“No one wants them except a doomed campaign,” Hewitt said, suggesting that Democrats around the country have asked Biden and Harris to stay away.
“I do not underestimate what the triple toxicity politically of those three can do,” Hewitt, a Washington Post contributing columnist, continued. “I hope there are cameras and microphones, because you put those three together and they could say anything, Ronna.”
“Well, maybe they can get a full sentence out,” McDaniel replied.
McDaniel indicated that she agreed with Hewitt about the undesirability of campaigning with Biden and Harris, speculating that Fetterman “drew the short straw.”
“I think all the candidates got together and said, ‘Which one of us has to campaign with Biden?’ [Fetterman] drew the short straw,” McDaniel said.
She added, “So Biden said, ‘Between the two of us, we may be able to finish a full sentence.’ ”
Fetterman, who suffered a near-fatal stroke in May, is locked in a tight race in Pennsylvania with Republican Mehmet Oz, the celebrity physician.
During a debate Tuesday night, Fetterman at times stumbled over his words and spoke in a halting manner.
During a television appearance Thursday, House Minority Leader Kevin McCarthy (R-Calif.) suggested that Fetterman’s performance should give voters pause.

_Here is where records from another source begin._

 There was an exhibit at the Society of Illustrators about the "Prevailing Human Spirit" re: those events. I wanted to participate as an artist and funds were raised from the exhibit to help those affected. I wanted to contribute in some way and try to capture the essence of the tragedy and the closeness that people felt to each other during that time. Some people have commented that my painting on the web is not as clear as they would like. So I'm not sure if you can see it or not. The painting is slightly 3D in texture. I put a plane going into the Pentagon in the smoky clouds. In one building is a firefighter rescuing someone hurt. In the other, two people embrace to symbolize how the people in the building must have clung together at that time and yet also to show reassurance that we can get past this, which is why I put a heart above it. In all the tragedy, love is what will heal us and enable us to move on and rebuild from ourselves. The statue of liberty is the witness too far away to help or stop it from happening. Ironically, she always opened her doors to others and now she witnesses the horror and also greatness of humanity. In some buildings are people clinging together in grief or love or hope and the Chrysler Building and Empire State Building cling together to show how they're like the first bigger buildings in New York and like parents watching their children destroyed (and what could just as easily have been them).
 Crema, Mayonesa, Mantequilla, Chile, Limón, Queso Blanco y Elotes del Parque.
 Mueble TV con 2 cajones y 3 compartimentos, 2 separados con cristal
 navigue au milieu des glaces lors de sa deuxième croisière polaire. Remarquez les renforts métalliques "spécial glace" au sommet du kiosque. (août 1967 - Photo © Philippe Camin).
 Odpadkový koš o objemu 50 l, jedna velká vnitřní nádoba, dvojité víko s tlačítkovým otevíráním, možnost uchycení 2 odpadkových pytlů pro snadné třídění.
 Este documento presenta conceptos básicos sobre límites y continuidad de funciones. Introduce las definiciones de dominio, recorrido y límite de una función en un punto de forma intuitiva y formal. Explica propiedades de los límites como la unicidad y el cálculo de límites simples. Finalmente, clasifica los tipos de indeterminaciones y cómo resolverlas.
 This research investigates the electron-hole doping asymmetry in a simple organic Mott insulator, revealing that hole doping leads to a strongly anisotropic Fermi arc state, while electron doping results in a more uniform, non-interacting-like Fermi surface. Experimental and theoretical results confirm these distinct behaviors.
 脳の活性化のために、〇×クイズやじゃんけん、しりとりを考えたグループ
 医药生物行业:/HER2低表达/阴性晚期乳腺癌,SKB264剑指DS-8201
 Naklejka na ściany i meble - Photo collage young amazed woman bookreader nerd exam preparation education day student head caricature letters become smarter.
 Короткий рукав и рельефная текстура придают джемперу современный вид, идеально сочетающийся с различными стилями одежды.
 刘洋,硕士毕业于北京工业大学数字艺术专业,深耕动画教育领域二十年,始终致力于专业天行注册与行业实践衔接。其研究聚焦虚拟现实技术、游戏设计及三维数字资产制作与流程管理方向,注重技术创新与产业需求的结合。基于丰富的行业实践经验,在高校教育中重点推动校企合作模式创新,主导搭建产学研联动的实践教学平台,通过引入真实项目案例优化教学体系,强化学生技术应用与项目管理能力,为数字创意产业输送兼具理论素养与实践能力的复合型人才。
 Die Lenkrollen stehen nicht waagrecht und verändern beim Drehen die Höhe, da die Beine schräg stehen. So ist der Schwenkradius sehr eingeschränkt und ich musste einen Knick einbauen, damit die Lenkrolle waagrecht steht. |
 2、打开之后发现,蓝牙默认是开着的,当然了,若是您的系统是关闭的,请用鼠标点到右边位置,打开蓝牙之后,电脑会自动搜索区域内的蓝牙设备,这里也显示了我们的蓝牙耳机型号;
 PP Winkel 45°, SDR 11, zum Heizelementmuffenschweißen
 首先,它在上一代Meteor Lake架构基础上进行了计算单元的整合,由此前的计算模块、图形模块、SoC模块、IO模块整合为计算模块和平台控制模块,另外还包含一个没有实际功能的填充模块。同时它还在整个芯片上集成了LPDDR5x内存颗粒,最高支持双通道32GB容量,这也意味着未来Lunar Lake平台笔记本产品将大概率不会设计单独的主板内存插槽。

“Even those Democrats on CNN were embarrassed of who their nominee was and the capability of carrying out the job,” McCarthy said. “This is a big job in the Senate.”
McDaniel is not the first prominent Republican to mock someone with a disability. During a 2015 campaign appearance, Donald Trump mimicked a reporter with a congenital joint condition that limits movement in his arms.
The campaign of Hillary Clinton sought to use images of Trump doing so against him in campaign ads.